**Activity**:
Everything from the line containing "Lustopwekker voor vrouwen." through the last line of the data below is to be retyped exactly, apart from the pictures.

**Provided material**:
________
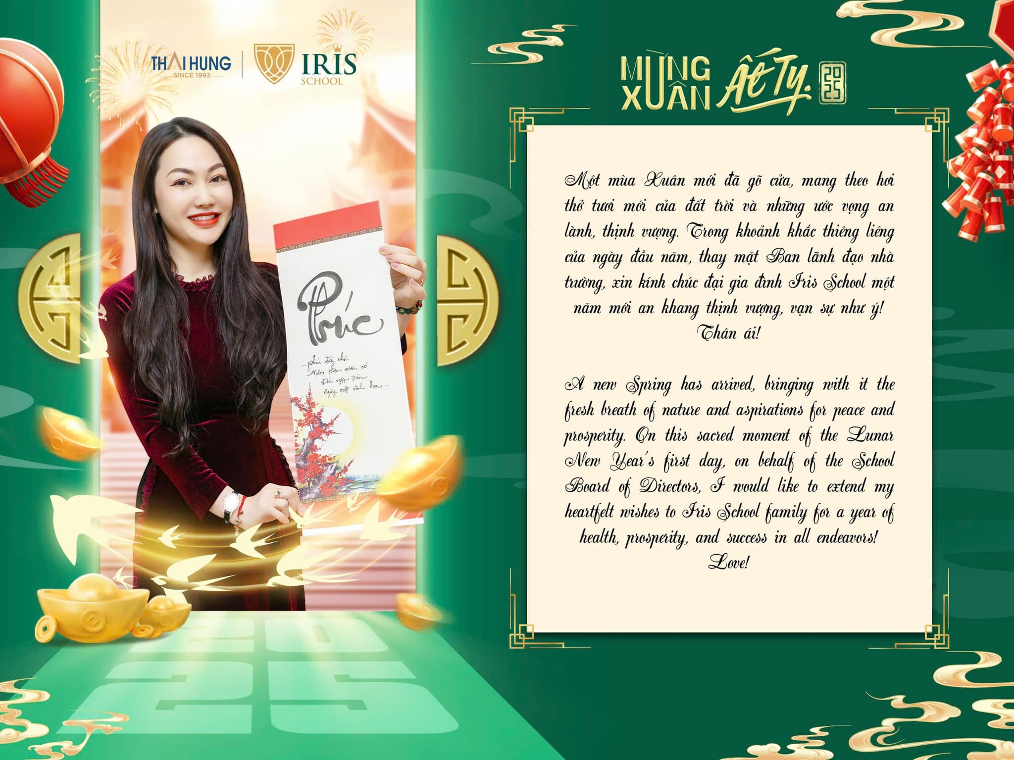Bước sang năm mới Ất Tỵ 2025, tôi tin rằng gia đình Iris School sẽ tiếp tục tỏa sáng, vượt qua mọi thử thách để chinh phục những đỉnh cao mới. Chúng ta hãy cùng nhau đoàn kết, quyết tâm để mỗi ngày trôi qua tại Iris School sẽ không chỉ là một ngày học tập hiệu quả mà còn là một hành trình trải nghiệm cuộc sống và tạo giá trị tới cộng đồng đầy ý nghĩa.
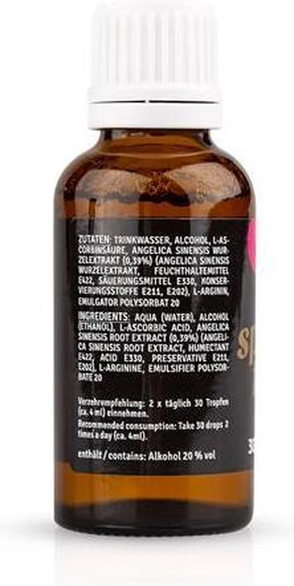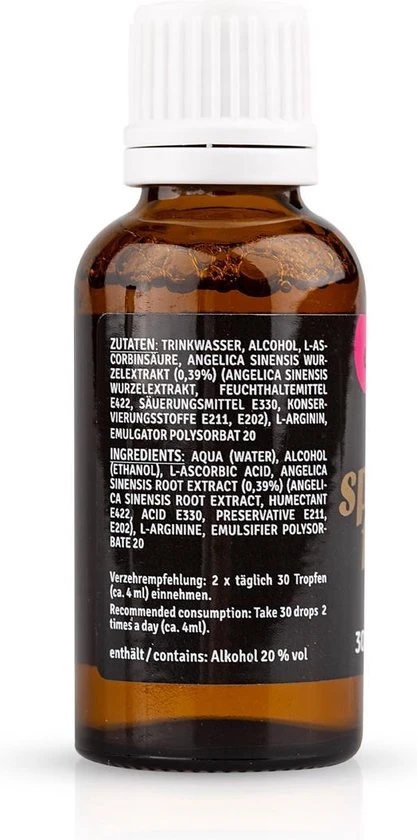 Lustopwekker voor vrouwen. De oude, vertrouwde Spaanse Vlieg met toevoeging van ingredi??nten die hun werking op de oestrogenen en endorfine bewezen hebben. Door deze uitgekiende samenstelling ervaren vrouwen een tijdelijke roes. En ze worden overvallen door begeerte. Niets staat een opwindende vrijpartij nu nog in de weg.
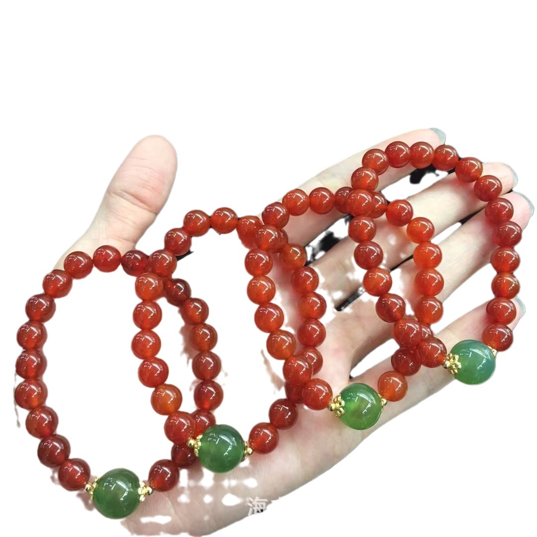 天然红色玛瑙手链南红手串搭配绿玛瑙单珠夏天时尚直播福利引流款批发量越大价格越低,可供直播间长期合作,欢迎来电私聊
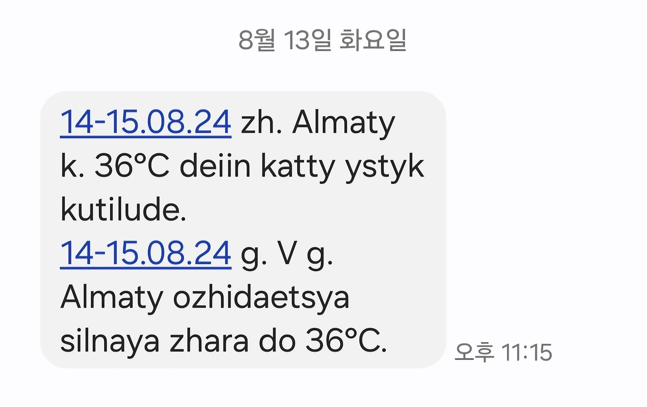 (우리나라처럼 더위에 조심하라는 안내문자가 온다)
________
**Response below**:
 Lustopwekker voor vrouwen. De oude, vertrouwde Spaanse Vlieg met toevoeging van ingredi??nten die hun werking op de oestrogenen en endorfine bewezen hebben. Door deze uitgekiende samenstelling ervaren vrouwen een tijdelijke roes. En ze worden overvallen door begeerte. Niets staat een opwindende vrijpartij nu nog in de weg.
 天然红色玛瑙手链南红手串搭配绿玛瑙单珠夏天时尚直播福利引流款批发量越大价格越低,可供直播间长期合作,欢迎来电私聊
 (우리나라처럼 더위에 조심하라는 안내문자가 온다)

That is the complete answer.